– Вселенной осталось выполнить десять в сто двадцатой степени вычислений, – сообщил Эйтор, сидевший, положив ноги на стол, в угловом кабинете и смотревший на машины, которые двигались в сторону пляжа, и золотой с голубым треугольник в конце улицы, напоминавший праздничный флаг. – Потом все остановится и закончится, будет темно и холодно, и Вселенная продолжит расширяться вечно, пока все не окажется бесконечно далеко от всего остального. Знаешь, я уверен, что у меня появляется аллергия на пшеницу.
– Ты мог бы сказать «молодец, Марселина», «поздравляю, Марселина», «убийственно, Марселина, я приглашаю тебя в кафе „Барбоза“ выпить шампанского».
Служба новостей уже привыкла к тому, как Марселина врывается из грязи и стервозности отдела развлекательных программ в их сосредоточенную атмосферу серьезной журналистики, как треснутый глушитель, со злым лицом фланируя между «горячими столами»[107] в сторону маленького убежища Эйтора, где он размышлял над своей ролью – приносить дурные вести миллионам – и над тщетностью средств массовой информации в общем. После этого двери обычно закрывались, из-за них доносились высокопарные речи и гневные тирады, а внештатные корреспонденты возвращались к делам или начинали искать в Интернете варианты отдыха на выходные. Теперь же, когда Марселина вошла – маленькая грудь вперед, золотые кудри растрепались, – сияя так, будто только что употребила шесть дорожек с сиденья унитаза, журналисты сразу занервничали. Никаких криков из кабинета Эйтора. Все в этом здании, не говоря уж о работавших на восьмом этаже, знали, что они время от времени трахались, только удивлялись, почему. Мало кто понимал, что отношения могут родиться из необходимости
– Финансирование от и до, через две недели подаю полное предложение, и до конца месяца проекту дают зеленый свет. Черт побери, я крута или как?

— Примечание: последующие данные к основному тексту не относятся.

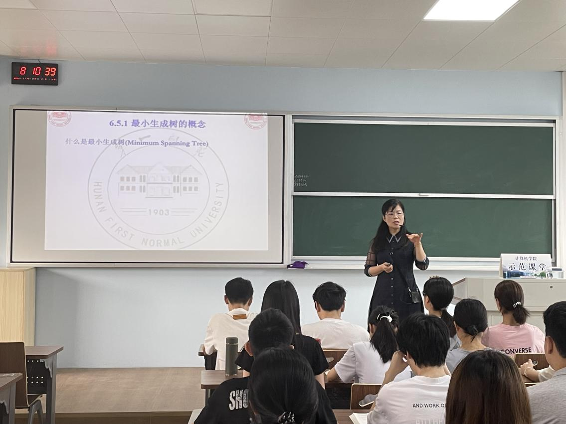 5月15日上午,洪伟在玉衡楼605为23计科4班的同学带来了一堂生动的《数据结构》课,本堂课的主题为图的最小生成树。洪伟结合实际应用,采用界定算法问题、辨析算法思想、定位技术要点三部曲的授课逻辑,帮助学生深入理解知识。她通过一个实例贯穿整堂课,巧妙地设计了课堂的各环节,引导学生用模块化的思想把握算法,同时也关注了具体的代码实现细节,教学效果显著。
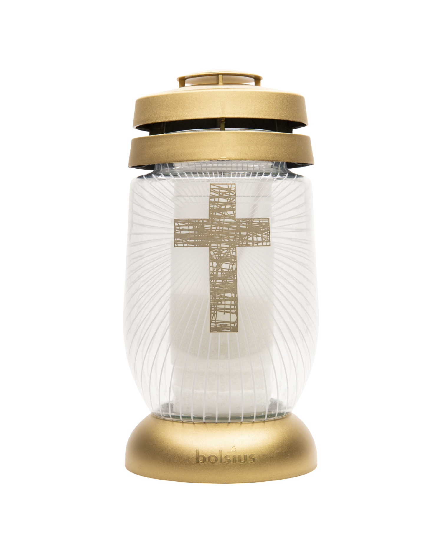 A Bolsius kereszttel díszített üveg mécsese méltó módon fejezi ki a tiszteletet és az emlékezést. A dekoratív keresztmotívum különleges megjelenést kölcsönöz, míg a tartós üveg védi a lángot a szél és eső ellen. Kb. 36 órán át ég, így ideális rövidebb megemlékezésekhez is.
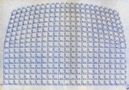 Oguni Dome, structural analysis diagram of roof. Blueprint by Taiyo Kogyo
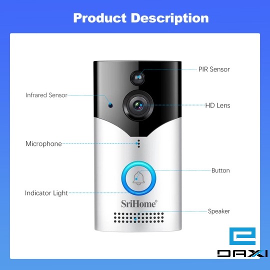 კარის ვიდეო ზარი 4MP Wi-Fi, SriHome DH002

Эйтор снял ноги со стола, повернулся к Марселине, которая заполнила собой две трети его офиса, королева капоэйры с аурой успеха.
– Молодец, Марселина.
Он не обнял ее и не прижал к своему большому медвежьему телу в сером костюме. У них были не те отношения.

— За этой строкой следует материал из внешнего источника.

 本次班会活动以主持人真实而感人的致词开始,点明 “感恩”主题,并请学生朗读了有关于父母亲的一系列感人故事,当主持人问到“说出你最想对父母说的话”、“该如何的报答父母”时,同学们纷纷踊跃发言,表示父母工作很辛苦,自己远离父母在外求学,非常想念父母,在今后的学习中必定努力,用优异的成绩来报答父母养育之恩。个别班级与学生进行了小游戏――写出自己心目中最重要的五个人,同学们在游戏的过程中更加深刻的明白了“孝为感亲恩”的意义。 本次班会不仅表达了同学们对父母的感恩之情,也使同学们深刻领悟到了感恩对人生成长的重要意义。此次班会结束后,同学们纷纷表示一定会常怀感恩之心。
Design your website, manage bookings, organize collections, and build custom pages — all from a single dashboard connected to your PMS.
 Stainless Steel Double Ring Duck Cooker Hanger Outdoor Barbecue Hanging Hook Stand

– Какое у тебя расписание на вторую половину дня?
«Кафе „Барбоза“, это же знак. Спасибо тебе, Богоматерь Дорогостоящих Проектов».
– Вечерняя сводка, а потом основной выпуск в семь.

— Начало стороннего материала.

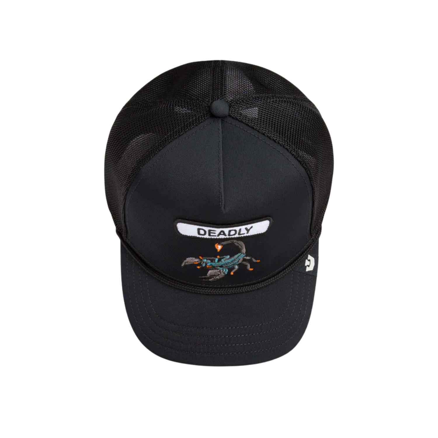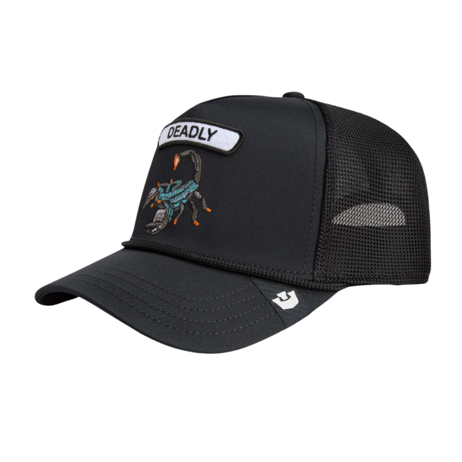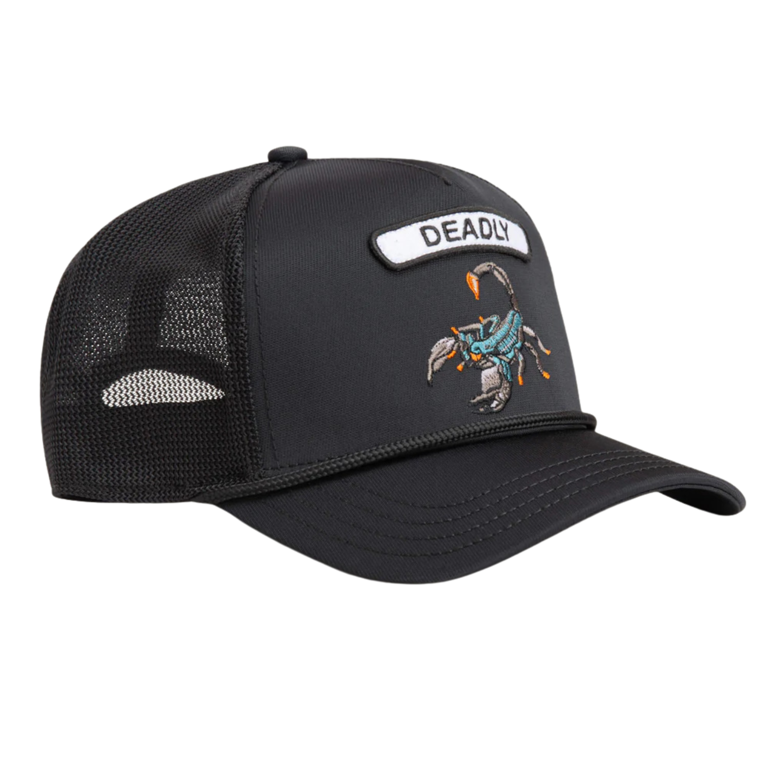 The GB2 Deadly Scorp Trucker by Goorin Bros brings edge to function with a matte black crown and a striking scorpion patch front and center. Designed for all-day wear, this cap features a breathable mesh back, a moisture-wicking sweatband, and a 2½" curved bill for a low-profile fit. The name says it all—deadly cool with just enough sting.
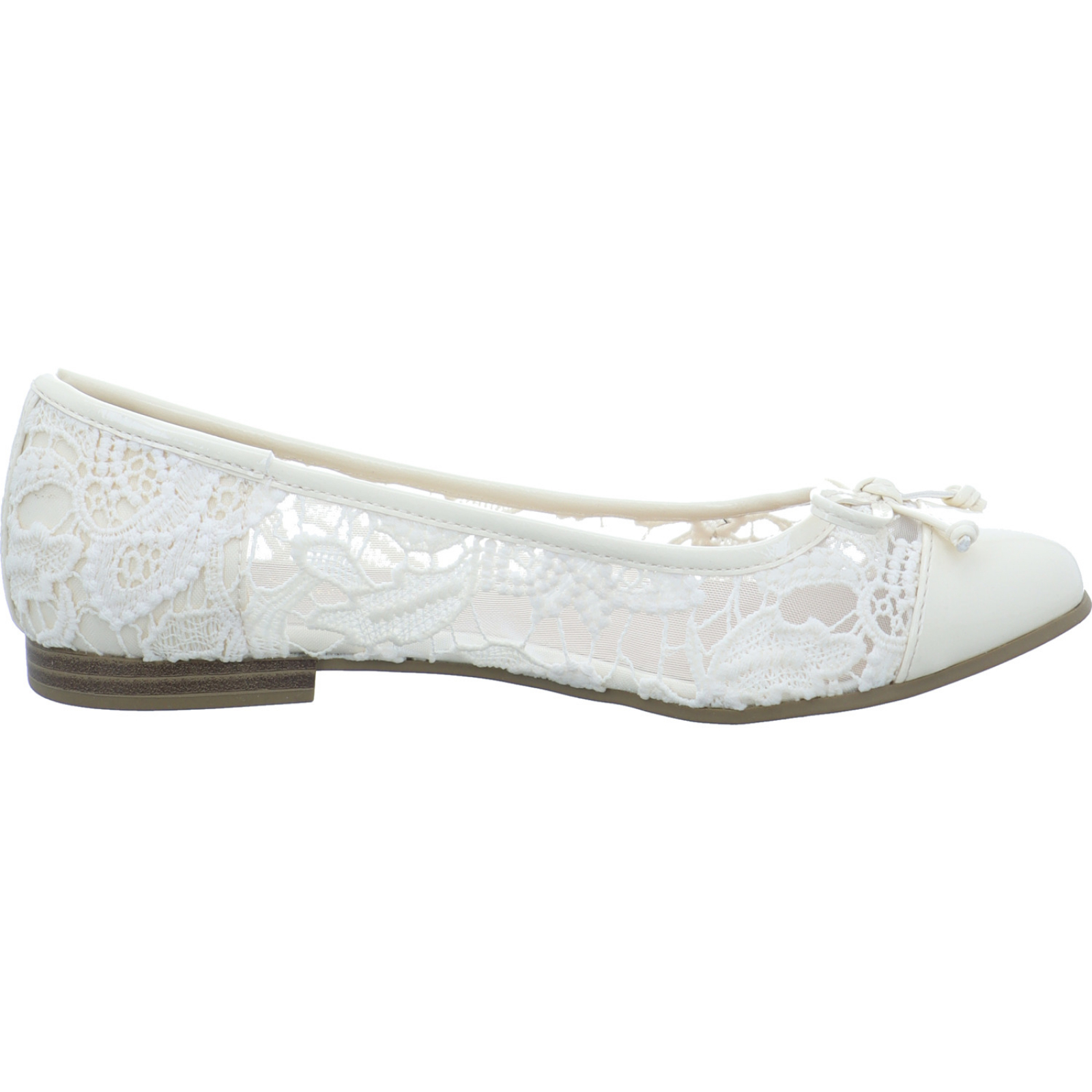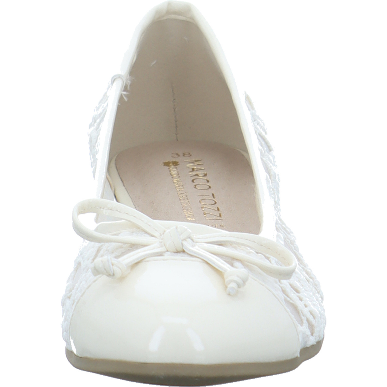 Herstellerinformation: MARCO TOZZI Shoes GmbH Co. KG Klingenbergstr. 1-3, 32758 Detmold, DE service@marcotozzi.com_____Der off-white Damen-Ballerina 2-82102-46-402 von Marco Tozzi aus der Guido Maria Kretschmer Kollektion besteht aus Textil, Lack und einem Netzeinsatz.
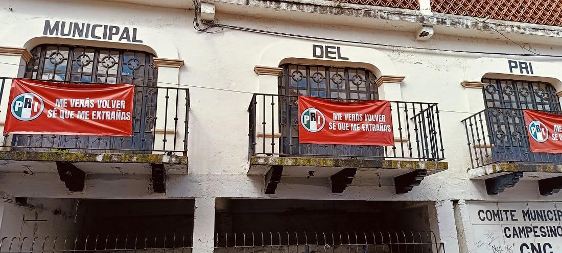 Sobre los barandales del comité local priista fueron colocadas distintas lonas color rojo con el mensaje subliminal, “me veras volver, sé que me extrañas”, en un evidente anuncio de que ese partido a cargo de los seguidores de Añorve Ocampo regresará a gobernar el municipio, sin embargo, el edificio está vacío y las oficinas de los sectores femenino y campesino permanecen cerradas con candado, con puertas metálicas decoloradas y oxidadas y paredes pintarrajeadas.
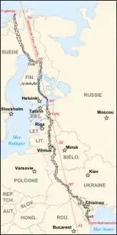 ![]() خريطة قوس ستروف الجيوديسي، النقاط الحمراء تبين مواقع التراث العالمي خريطة قوس ستروف الجيوديسي، النقاط الحمراء تبين مواقع التراث العالمي | |
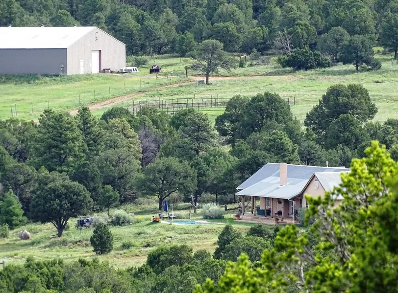 Red Cloud..Rarely does a small ranch of this quality and character become available.Red Cloud Ranch is 303 acres adjoining 10,000 protected acres in the shadow of the Pecos Wilderness.Defined by privacy and stunning views of Hermits Peak and Tecolote Mesa, this grass and tree covered land sits on the historic Santa Fe Trail.The stands of healthy trees mix with open meadows, and high rock outcroppings. Wildlife abounds. The perfectly sited 3 bedroom, 2 bath, Northern New Mexico style home will surprise you in its detail and versatility. The oversize pantry, laundry room and dual offices can function in many different ways. There are mountain or courtyard views from every window. Enjoy the beauty of plaster walls, and in-floor radiant heat. Rest under the long portals, and relax in the heated pool.Work on your projects in the well-equipped shop.Explore the land, it archaic Indian sites, a...

Эйтор был депрессивным диктором, эта шутку знали далеко за пределами Четвертого канала, но Марселина понимала, что такая милая созерцательная меланхолия вызвана не постоянным шквалом сенсационных, жестоких и одержимых знаменитостями новостей, который стал неотъемлемой частью его жизни, просто Эйтор чувствовал ответственность. Он был Смертью, которую пригласили на все телеобеды страны. Марселина же, напротив, только радовалась, делая карьеру на пустяковых банальностях.
– Вот что будет дальше. У меня свидание с иглой. Потом я иду в кафе «Барбоза» со своей командой, альтернативной семьей и любым, кто захочет купить мне пиво. Ты приедешь, мы поедем в Лап[108], а потом к тебе. Я тебя затрахаю до полусмерти. Но сначала мне понадобится твоя помощь.
– Так и думал, что придется платить.
– Проект зависит от того, найду ли я Барбозу. Ты знаешь, как это сделать?
– Ну я не…
– Но знаешь кого-то, кто может. – Стандартная шутка журналистов и адвокатов.
– Разыщи вот этого парня, – Эйтор написал имя на розовой бумажке. – Будет нелегко, но он знает Рио как никто другой. Его можно застать на пляже Фламенгу с утра пораньше.
– Насколько пораньше?
– Тебе даже не представить. Он говорит, что для пляжа лучшего времени нет. – Эйтор отвернулся и поморщился, когда электронный ящик известил о новом письме. – Да, это хлеб, определенно. Не буду больше есть хлеб. А тебе советую прочесть вот это. – На столе, умоляя, лежала открытая книга. Эйтор читал агрессивно, пытаясь найти среди страниц идеи, способные дать хоть какое-то оправдание безумному миру, к которому он обращался дважды в день. Раз в неделю он всучивал очередную книгу Марселине, а та отдавала ее, ни разу не открыв, доне Бебел. Чтение – это слишком статично, это из прошлого века. – Она о теории информации, самой новой теории всего на свете. Якобы вселенная – это лишь огромный квантовый компьютер, а мы все – программы. Меня эта мысль успокаивает, а тебя?